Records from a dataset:
>>>
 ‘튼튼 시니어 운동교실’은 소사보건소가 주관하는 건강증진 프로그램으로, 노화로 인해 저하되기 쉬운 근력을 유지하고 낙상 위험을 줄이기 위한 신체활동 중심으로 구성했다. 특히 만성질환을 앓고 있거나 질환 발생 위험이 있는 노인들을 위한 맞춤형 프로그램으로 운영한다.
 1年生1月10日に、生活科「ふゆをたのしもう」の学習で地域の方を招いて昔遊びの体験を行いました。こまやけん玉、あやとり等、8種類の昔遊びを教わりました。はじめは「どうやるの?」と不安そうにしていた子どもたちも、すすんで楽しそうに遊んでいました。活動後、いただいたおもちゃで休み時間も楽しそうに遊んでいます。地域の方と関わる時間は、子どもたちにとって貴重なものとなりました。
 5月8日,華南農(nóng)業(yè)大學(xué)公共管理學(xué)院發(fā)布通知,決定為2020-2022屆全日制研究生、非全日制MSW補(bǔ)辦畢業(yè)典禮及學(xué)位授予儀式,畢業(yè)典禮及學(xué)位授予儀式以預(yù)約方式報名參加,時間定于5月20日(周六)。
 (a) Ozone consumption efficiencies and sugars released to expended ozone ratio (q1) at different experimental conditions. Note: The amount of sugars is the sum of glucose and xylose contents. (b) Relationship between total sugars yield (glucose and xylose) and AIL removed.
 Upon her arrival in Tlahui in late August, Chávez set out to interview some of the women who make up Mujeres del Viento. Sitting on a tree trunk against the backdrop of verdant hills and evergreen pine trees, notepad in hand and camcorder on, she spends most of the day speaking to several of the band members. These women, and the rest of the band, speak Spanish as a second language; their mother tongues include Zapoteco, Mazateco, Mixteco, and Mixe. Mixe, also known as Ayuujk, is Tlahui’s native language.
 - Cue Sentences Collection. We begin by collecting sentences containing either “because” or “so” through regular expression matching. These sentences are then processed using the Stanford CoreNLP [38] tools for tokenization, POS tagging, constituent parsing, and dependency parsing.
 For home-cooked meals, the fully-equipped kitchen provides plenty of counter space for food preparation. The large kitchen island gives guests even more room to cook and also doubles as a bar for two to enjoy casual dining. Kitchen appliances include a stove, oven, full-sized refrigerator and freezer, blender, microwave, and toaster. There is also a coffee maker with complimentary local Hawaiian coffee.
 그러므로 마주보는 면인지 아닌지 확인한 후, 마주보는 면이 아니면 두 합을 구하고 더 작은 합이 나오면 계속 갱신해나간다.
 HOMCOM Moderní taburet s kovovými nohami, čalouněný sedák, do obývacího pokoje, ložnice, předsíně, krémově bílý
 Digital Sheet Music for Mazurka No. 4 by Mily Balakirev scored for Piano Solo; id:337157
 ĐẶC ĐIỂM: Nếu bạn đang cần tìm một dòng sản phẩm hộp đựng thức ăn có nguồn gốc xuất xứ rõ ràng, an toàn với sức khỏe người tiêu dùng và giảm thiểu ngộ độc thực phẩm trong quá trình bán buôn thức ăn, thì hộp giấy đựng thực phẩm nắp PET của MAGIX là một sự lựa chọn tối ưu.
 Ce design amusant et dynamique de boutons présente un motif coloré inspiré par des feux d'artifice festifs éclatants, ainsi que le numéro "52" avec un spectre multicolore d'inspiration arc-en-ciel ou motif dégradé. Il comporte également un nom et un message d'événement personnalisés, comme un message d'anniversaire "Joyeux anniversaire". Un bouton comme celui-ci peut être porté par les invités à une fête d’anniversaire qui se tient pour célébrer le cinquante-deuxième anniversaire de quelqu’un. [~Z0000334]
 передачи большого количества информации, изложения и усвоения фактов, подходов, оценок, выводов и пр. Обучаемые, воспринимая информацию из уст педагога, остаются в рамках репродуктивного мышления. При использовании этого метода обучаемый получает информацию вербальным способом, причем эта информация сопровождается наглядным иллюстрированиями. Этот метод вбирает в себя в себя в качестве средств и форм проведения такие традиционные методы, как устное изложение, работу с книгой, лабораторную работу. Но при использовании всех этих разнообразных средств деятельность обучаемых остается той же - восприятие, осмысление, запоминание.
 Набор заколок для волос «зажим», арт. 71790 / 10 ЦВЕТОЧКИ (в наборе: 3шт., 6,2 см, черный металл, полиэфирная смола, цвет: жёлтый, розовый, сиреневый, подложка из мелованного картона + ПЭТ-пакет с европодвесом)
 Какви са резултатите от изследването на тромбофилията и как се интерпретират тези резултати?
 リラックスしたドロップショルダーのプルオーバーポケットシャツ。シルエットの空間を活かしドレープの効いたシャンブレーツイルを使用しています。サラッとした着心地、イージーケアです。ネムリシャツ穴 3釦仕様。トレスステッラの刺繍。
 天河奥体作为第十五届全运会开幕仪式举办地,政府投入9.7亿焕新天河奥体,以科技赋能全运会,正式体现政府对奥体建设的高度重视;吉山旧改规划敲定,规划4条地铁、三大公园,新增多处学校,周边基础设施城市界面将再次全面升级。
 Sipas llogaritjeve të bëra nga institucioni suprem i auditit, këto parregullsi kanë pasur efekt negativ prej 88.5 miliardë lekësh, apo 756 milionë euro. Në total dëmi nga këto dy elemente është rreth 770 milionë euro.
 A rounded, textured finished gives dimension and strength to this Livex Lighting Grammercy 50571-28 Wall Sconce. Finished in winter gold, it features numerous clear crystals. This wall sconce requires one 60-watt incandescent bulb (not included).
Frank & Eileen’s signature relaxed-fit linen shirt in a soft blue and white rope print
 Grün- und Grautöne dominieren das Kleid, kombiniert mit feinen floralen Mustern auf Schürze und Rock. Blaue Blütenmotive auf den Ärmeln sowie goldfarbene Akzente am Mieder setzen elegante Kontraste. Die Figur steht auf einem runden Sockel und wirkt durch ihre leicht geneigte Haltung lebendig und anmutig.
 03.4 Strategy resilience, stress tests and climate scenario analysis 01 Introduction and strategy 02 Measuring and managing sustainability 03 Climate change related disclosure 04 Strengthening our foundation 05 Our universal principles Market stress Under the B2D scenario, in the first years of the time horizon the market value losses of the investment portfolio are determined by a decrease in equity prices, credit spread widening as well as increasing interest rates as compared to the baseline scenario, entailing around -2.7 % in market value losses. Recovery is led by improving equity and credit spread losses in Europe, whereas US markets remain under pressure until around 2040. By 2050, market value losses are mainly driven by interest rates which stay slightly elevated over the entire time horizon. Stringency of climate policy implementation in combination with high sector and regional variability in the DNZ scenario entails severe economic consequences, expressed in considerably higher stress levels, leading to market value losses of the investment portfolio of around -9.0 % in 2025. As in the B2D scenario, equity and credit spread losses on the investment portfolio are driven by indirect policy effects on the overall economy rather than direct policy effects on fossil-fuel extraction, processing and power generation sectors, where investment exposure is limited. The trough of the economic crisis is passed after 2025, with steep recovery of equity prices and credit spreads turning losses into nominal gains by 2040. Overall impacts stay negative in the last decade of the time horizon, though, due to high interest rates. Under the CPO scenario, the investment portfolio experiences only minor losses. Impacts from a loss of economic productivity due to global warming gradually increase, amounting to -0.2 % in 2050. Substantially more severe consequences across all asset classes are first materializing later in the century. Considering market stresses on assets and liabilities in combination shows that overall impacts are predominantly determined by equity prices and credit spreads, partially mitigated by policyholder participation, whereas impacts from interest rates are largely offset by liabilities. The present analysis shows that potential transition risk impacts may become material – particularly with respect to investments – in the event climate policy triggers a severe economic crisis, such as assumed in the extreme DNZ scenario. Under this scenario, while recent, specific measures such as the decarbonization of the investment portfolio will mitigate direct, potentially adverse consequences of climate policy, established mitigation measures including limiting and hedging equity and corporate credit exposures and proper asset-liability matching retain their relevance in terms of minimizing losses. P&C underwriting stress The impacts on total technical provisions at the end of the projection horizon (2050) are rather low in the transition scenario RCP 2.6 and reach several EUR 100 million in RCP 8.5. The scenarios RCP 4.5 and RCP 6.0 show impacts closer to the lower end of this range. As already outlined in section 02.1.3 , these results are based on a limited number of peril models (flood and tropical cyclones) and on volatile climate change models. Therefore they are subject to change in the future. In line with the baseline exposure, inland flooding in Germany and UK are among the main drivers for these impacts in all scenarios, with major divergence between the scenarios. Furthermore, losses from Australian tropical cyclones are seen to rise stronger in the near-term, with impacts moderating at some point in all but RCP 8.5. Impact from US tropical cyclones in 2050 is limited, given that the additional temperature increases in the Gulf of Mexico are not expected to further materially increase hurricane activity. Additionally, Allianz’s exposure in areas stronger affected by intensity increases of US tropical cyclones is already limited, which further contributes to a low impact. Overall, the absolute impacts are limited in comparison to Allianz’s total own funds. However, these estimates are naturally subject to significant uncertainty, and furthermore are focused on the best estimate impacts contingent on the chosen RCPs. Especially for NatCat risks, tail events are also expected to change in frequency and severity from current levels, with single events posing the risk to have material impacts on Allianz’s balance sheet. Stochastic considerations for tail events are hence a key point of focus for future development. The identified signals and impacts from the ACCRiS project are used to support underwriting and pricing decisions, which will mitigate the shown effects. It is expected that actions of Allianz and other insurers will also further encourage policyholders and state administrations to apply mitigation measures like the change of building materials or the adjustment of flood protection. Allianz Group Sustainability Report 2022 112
<<<
- [Goal of the exercise]: Look above for the line with "1年生1月10日に、生活科「" and the line with "ĐẶC ĐIỂM: Nếu". Retype those two lines and every line between them exactly, adding nothing.

- [Answer section]:
 1年生1月10日に、生活科「ふゆをたのしもう」の学習で地域の方を招いて昔遊びの体験を行いました。こまやけん玉、あやとり等、8種類の昔遊びを教わりました。はじめは「どうやるの?」と不安そうにしていた子どもたちも、すすんで楽しそうに遊んでいました。活動後、いただいたおもちゃで休み時間も楽しそうに遊んでいます。地域の方と関わる時間は、子どもたちにとって貴重なものとなりました。
 5月8日,華南農(nóng)業(yè)大學(xué)公共管理學(xué)院發(fā)布通知,決定為2020-2022屆全日制研究生、非全日制MSW補(bǔ)辦畢業(yè)典禮及學(xué)位授予儀式,畢業(yè)典禮及學(xué)位授予儀式以預(yù)約方式報名參加,時間定于5月20日(周六)。
 (a) Ozone consumption efficiencies and sugars released to expended ozone ratio (q1) at different experimental conditions. Note: The amount of sugars is the sum of glucose and xylose contents. (b) Relationship between total sugars yield (glucose and xylose) and AIL removed.
 Upon her arrival in Tlahui in late August, Chávez set out to interview some of the women who make up Mujeres del Viento. Sitting on a tree trunk against the backdrop of verdant hills and evergreen pine trees, notepad in hand and camcorder on, she spends most of the day speaking to several of the band members. These women, and the rest of the band, speak Spanish as a second language; their mother tongues include Zapoteco, Mazateco, Mixteco, and Mixe. Mixe, also known as Ayuujk, is Tlahui’s native language.
 - Cue Sentences Collection. We begin by collecting sentences containing either “because” or “so” through regular expression matching. These sentences are then processed using the Stanford CoreNLP [38] tools for tokenization, POS tagging, constituent parsing, and dependency parsing.
 For home-cooked meals, the fully-equipped kitchen provides plenty of counter space for food preparation. The large kitchen island gives guests even more room to cook and also doubles as a bar for two to enjoy casual dining. Kitchen appliances include a stove, oven, full-sized refrigerator and freezer, blender, microwave, and toaster. There is also a coffee maker with complimentary local Hawaiian coffee.
 그러므로 마주보는 면인지 아닌지 확인한 후, 마주보는 면이 아니면 두 합을 구하고 더 작은 합이 나오면 계속 갱신해나간다.
 HOMCOM Moderní taburet s kovovými nohami, čalouněný sedák, do obývacího pokoje, ložnice, předsíně, krémově bílý
 Digital Sheet Music for Mazurka No. 4 by Mily Balakirev scored for Piano Solo; id:337157
 ĐẶC ĐIỂM: Nếu bạn đang cần tìm một dòng sản phẩm hộp đựng thức ăn có nguồn gốc xuất xứ rõ ràng, an toàn với sức khỏe người tiêu dùng và giảm thiểu ngộ độc thực phẩm trong quá trình bán buôn thức ăn, thì hộp giấy đựng thực phẩm nắp PET của MAGIX là một sự lựa chọn tối ưu.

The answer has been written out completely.